# "Ghosts & Gansters of Old Chicago" Show - 2011



## daffy64 (Nov 8, 2011)

My 2011 Halloween Show "Ghosts and Gangsters of Old Chicago". Staged in my garage with music and voice by local musician Peter Shea. We raised over $670.00 in donations for our local food bank!


----------



## STOLLOWEEN (Apr 13, 2008)

The production values on this are OUTSTANDING...the garage set, the background film, the lighting and of course the choreography between the skeletons. Enjoyed your other youtube videos as well showing the voice recording session and background film...fantastic job.


----------



## Frighteners Entertainment (Jan 24, 2006)

Outstanding!


----------



## jdubbya (Nov 6, 2005)

I'm truly astounded by this! Just amazing!


----------



## Creep Cringle (Jun 23, 2009)

That was cool! How did you work out the showings? Did you have show times or did people just stand around and wait? I loved it!


----------



## CoolDJTV (Jun 28, 2011)

Wow! amazing!


----------



## daffy64 (Nov 8, 2011)

Thanks for all the nice compliments, guys. In regard to the question about the show times: this year I put one of those portable garage-type shelters in front of my garage door. This served as the theater room for the audience and kept out those who weren't admitted yet. I could hold about 25 people seated on low benches or standing behind them for each show, then kick them out and let the next group in. It worked very wel.


----------



## Spider Rider (Nov 8, 2006)

Brilliant! The garage door as curtain just kills me, a true home haunter's touch. And what Stolloween said, impeccable production value with that lighting, set, film, music, props and staging. This needs to move from the driveway to on the road.:jol:


----------



## daffy64 (Nov 8, 2011)

*Haha*

That would be hard. It's already torn down to make room for my car! Don't worry, next year will be a lot better and you guys can come up to Canada and see it!


----------



## R. Lamb (Oct 11, 2011)

That would be a trip worth taking. Fantastic job!


----------



## daffy64 (Nov 8, 2011)

Thanks. I submitted the video link so the show could be put on the DVD that Hauntforum is making.


----------



## wandererrob (Aug 8, 2007)

daffy64 said:


> That would be hard. It's already torn down to make room for my car! Don't worry, next year will be a lot better and you guys can come up to Canada and see it!
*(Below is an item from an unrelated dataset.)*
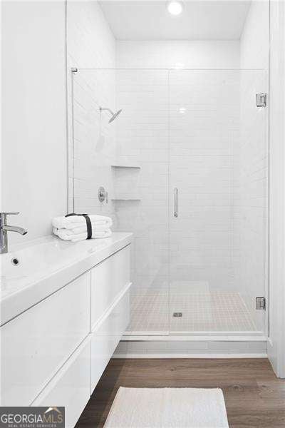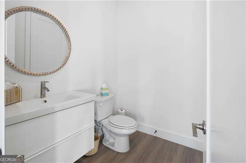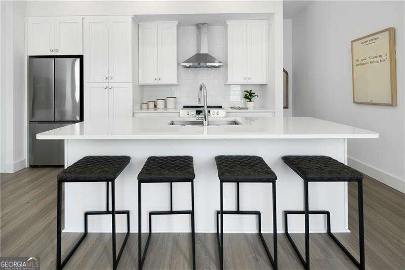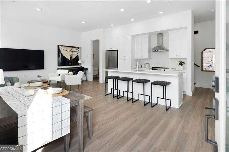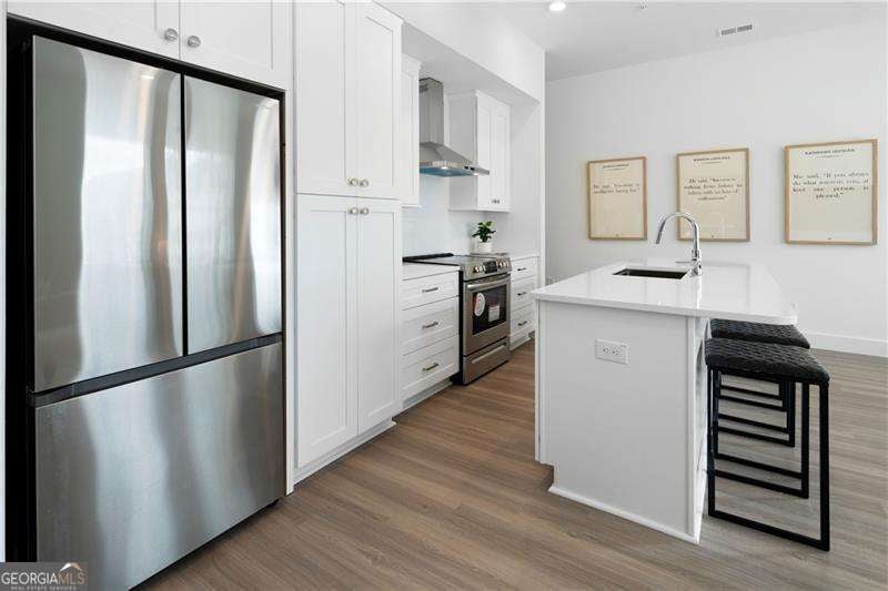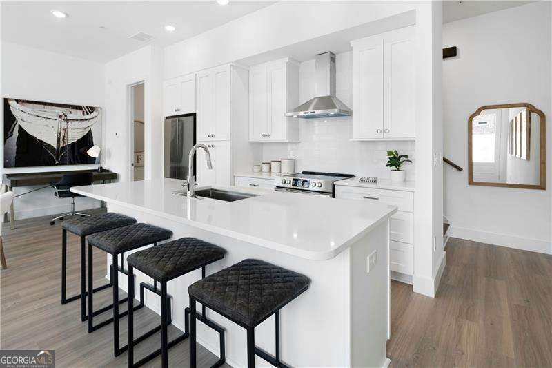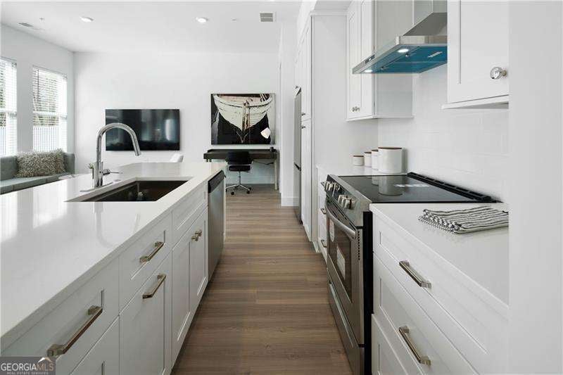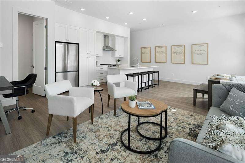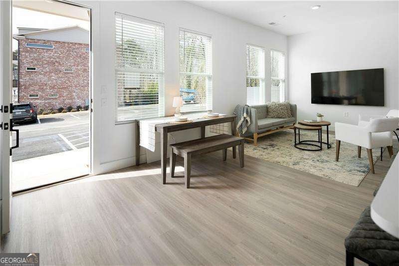 SHORT WALKING DISTANCE TO THE HEART OF DOWNTOWN WOODSTOCK! THIS END UNIT TOWNHOME IS 2 YEARS NEW AND VERY WELL APPOINTED! With its modern amenities and convenient location, it seems like an ideal place to live. The absence of carpet and the presence of hard surface flooring throughout is a practical and stylish choice. The kitchen upgrades, including the quartz countertops, tile backsplash, and rollout shelves, make it both functional and aesthetically pleasing. The high ceilings on both floors and the large doors with lever hardware add to the sense of spaciousness and luxury. The upstairs bathroom is particularly impressive with its all-tile shower, frameless shower door, and large vanity. Living just a couple of blocks from downtown Woodstock offers easy access to all the city has to offer, from its vibrant arts scene to its diverse dining options and shopping opportunities. Being able to walk to these amenities makes it even more appealing. Overall, it is a wonderful place to call home!

If you plan on topping that next year, I can't wait to see what you've got in store. That was truly outstanding. In addition to the other comments, with which I wholeheartedly agree, one thing that caught my attention was the toe tapping while he was singing. It was a subtle touch, but in addition to the arms, it really gave him "life". It completed the illusion beautifully.


----------